Collecting the dependencies was a straightforward task, but keeping the information accurate was not so simple. When two instructions are combined to make a new instruction, flow information must be propagated from the instructions disappearing to the new instruction. Consider a multiply instruction I1 and an add instruction I2 becoming a multiply-accumulate instruction. If a third instruction, I3, had to execute after I1, how will it know that it must now execute after I2? To keep the scheduler's memory utilization within reasonable limits, I utilized transitive dependencies whenever possible. This meant that after the combiner ran, the dependencies could be in shambles. It is not desirable to punt and re-run flow analysis when interesting instruction reorganizations are performed, since this would have to be done twice - both before and after instruction scheduling, slowing the compiler by an additional 40%. Instead, the combiner and the scheduler were modified to incrementally fix most dependency information that they broke. The additional time spent by the combiner doing these fixups is virtually unmeasureable. For the scheduler, the additional time is also quite small, though the solution is much trickier.

The scheduler has found the new instructions made by the combiner based on dependencies pointing to deleted instructions. In many cases the deleted instruction became part of the current instruction, hence no dependency is needed at all. The remaining cases involve searching for the merged instruction. The search uses a table to record all dependency information derived while searching for some particular dependence. As the table is built, searches become shorter.

The instruction scheduler runs before register allocation. This gives the scheduler much more flexibility in moving instructions around, but it can lead to worse registers allocation. For example, nothing prevents the scheduler from moving instructions across calls. Such code motion may be detrimental if moving the instruction causes a register not previously live across a call to become so. Running the scheduler before register allocation can also result in incomplete instruction scheduling: if a quantity fails to be register allocated (i.e. spilled to memory), the memory access may affect the schedule. It would be interesting to design an incremental scheduler which could take care of such problems without rescheduling the whole block.

To save time, the scheduler does nothing if the instructions are already in their priority order. The scheduler could look for other blocks with which to merge in order to improve schedule of both blocks. Selecting the blocks with which to merge, and setting thresholds on code duplication both probably need good heuristics. Merging would also mean extending the incremental life analysis performed by the scheduler.

The scheduler has a very simple model of memory accesses.

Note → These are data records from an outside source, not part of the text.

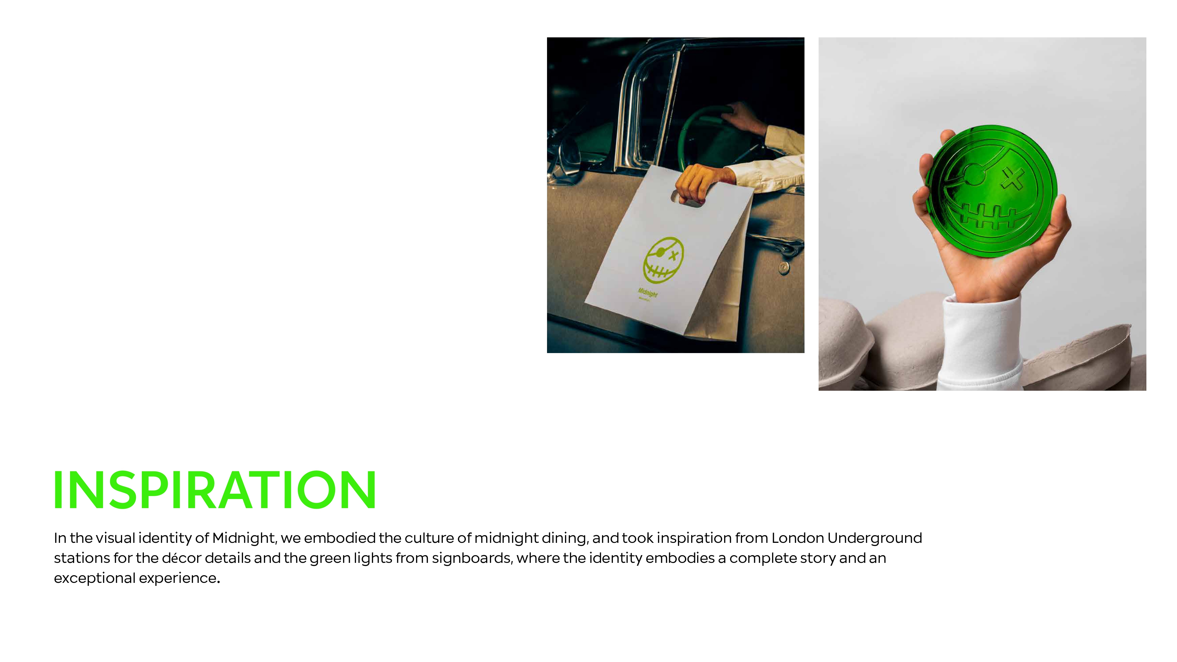 Midnight is a fast-food brand specializing in chicken burgers, designed to capture the energy and essence of late-night dining. The brand identity and packaging were meticulously crafted to deliver a cohesive and immersive experience for its young, dynamic audience. Inspired by the aesthetic of London Underground stations and the ambiance of neon-lit streets, the visual identity reflects an urban, edgy, and inviting feel.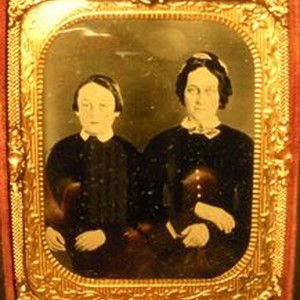 Daguerreotype--black and white: Framed daguerreotype of a young boy and woman who are unidentified members of the Swain family of Sebastopol. Circa 1850s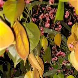 常绿灌木或小乔木,高达8米。 叶光亮革质,倒卵形或窄长椭圆形,长3-6厘米,宽2-3厘米。 聚伞花…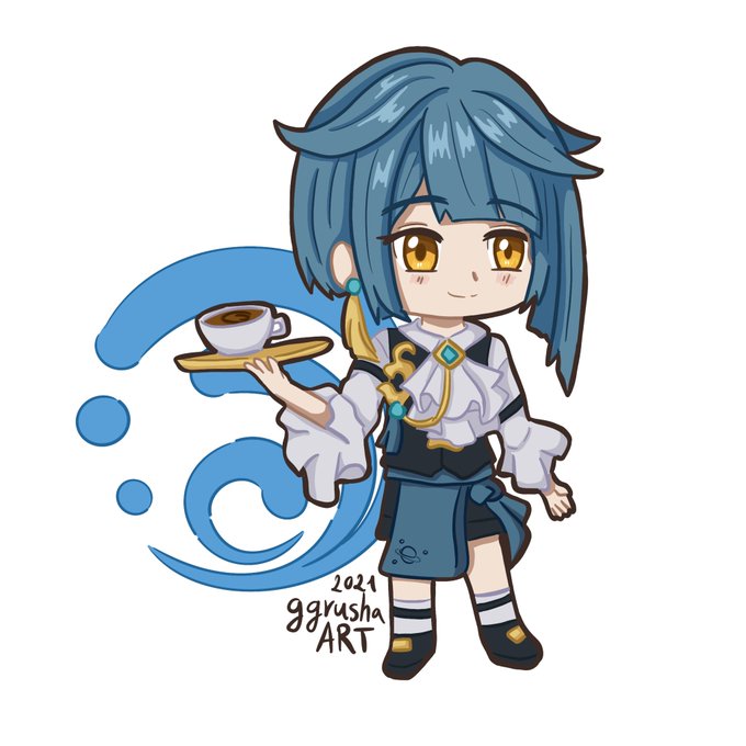 Day 2. Suit - Xingqiu 💦💦💦 My first 4star character 💙 I want to see the Cinggiu-waiter skin in the game! #GenshinImpact #Inktober #Xingqiu

Three functions, true_dependence, anti_dependence, and output_dependence a predicate functions which return the truth value of the relationship between two memory references for true-, anti-, and output-dependencies respectively. They are currently implemented by simply returning TRUE for all references. Making these functions return more accurate answers would give the scheduler more freedom to schedule, since their would be fewer dependencies acting as constraints.

The loop optimization pass is run well before the scheduling pass, thus the scheduler has no input on how loops should be unrolled. It would be interesting to see how one can reconcile the independence of these two interdependent passes.

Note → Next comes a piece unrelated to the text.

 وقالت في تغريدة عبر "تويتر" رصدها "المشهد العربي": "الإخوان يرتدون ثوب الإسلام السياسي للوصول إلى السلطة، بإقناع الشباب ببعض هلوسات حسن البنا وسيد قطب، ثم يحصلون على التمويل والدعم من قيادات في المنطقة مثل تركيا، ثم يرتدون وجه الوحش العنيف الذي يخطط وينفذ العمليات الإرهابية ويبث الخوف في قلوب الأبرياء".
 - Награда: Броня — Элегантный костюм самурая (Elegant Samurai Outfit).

Some machines do not have primitive support for basic algebraic operations such as multiplication. When this is the case, the compiler writer must make the tradeoff of exposing the machine's weakness and hiding the actual machine implementation. For example, for a machine without multiplication, the compiler can implement multiplication by constants as a sequence of shifts and additions. If multiplication is transformed into shifts and adds too early, the algebraic simplifiers may miss some simplifications, whereas if it is transformed too late, the sequence of instructions will not be available for instruction scheduling.

To make good use of instruction scheduling, basic blocks should be large enough to expose a good deal of instruction level parallelism. This generally means performing procedure integration and loop unrolling. The mechanics of implementing these methods in GNU C is quite simple; in fact, procedure integration is already done. The main difficulty is deciding which procedure to integrate, or deciding which loop to unroll and how many times to do so. Good loop unrolling is probably the next important optimization that should be implemented in the GNU C compiler.

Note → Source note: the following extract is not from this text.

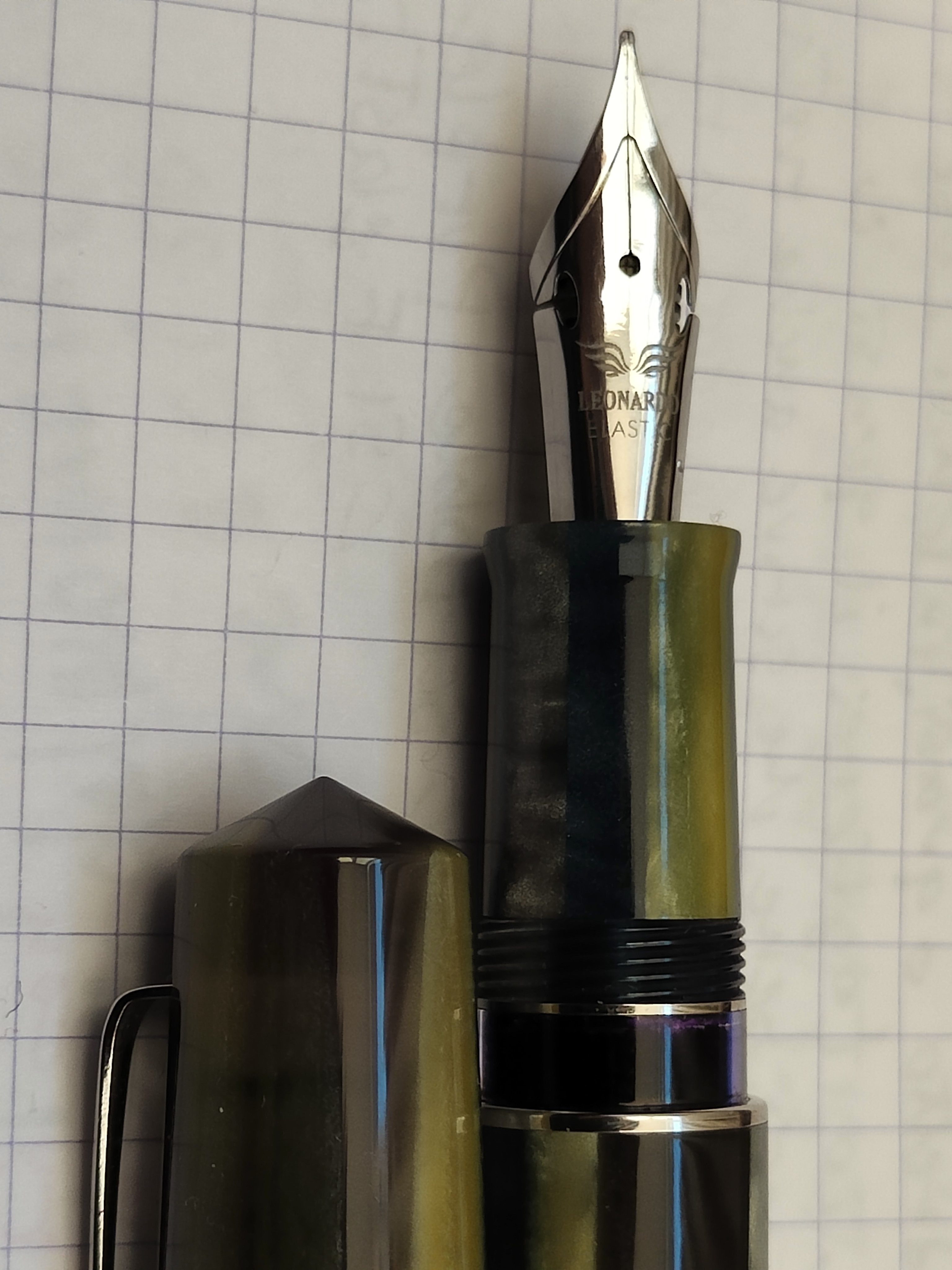 Al di là degli aspetti estetici e funzionali, quello che davvero mi ha colpita è il pennino. Per la Baobab ho scelto un CSI F elastic, che ho acquistato più per perplessità che per convinzione. Non avevo mai sperimentato un elastico JoWo prima e la misura dell'unico CSI in mio possesso era B. Automedonte mi aveva però fatto provare le sue Leonardo con pennini sottili nonché con un CSI M. Di quest'ultimo mi aveva conquistato il feedback, mentre dei fini mi era piaciuta molto la sensazione di scrittura. Così ho dato retta al mio istinto, che con i precedenti di "scatole chiuse" ha un discreto tasso di successo, ed ho optato per il CSI F Elastic. Nel caso di Leonardo, la scelta di ordinare direttamente dal produttore è accompagnata dal vantaggio di poter fornire le specifiche per una "rifinitura" del grinding in base al proprio gusto: io ne ho approfittato per chiedere un pennino con feedback molto pronunciato, che graffiasse la carta.

For the basic blocks where there is a fair amount of instruction level parallelism, there is still about a 50-50 chance that the scheduler will build a worse schedule rather than a better one. With the many registers available on a Sparc (due to its use of register windows), the down side is often not seen, but here is an example which exposes it:

static void
decode (shorts, low, hi)
     short *shorts; int *low;
{
  *low = (shorts[3] << 24)
          | (shorts[2] << 16)
          | (shorts[1] << 8)
          | shorts[0];
}

The GNU C compiler will, on its own, generate nice code for this, while the scheduler will try to do too much in parallel, and get lost:

ldsh [%o0+6],%o3         add %sp,-88,%sp
sll %o3,24,%o3           st %l0,[%sp+80+0]
ldsh [%o0+4],%o4         ldsh [%o0+2],%o4
sll %o4,16,%o4           ldsh [%o0],%o5
or %o3,%o4,%o3           sll %o4,8,%o4
ldsh [%o0+2],%o4         ldsh [%o0+4],%l0
sll %o4,8,%o4            ldsh [%o0+6],%o3
or %o3,%o4,%o3           sll %l0,16,%l0
ldsh [%o0],%o4           sll %o3,24,%o3
or %o3,%o4,%o3           or %o3,%l0,%o3
st %o3,[%o1]             or %o3,%o4,%o3
retl                     or %o3,%o5,%o3
nop                      st %o3,[%o1]
                         ld [%sp+80+0],%l0
                         retl
                         add %sp,88,%sp

The unscheduled code has stalls due to interlocks, but the scheduled code executes an extra load, an extra store, and a stack manipulation operation, resulting in slower overall code. It would be nice to see future work improve the priority assignment function so that the scheduler always makes at least code-improving transformations.

Scheduling across basic blocks is another way to achieve more parallelism. This technique was not attempted for this project, but should extend from this work in a straightforward manner. As with loop unrolling and procedure integration, cross-basic-block scheduling can result in code explosion. The heuristics of GNU C compiler perform their optimizations based only on the code being compiled. While they tend to do a good job, a number of these optimizations could benefit from profiling information. In particular, profile information should be used to guide cross-basic-block instruction scheduling.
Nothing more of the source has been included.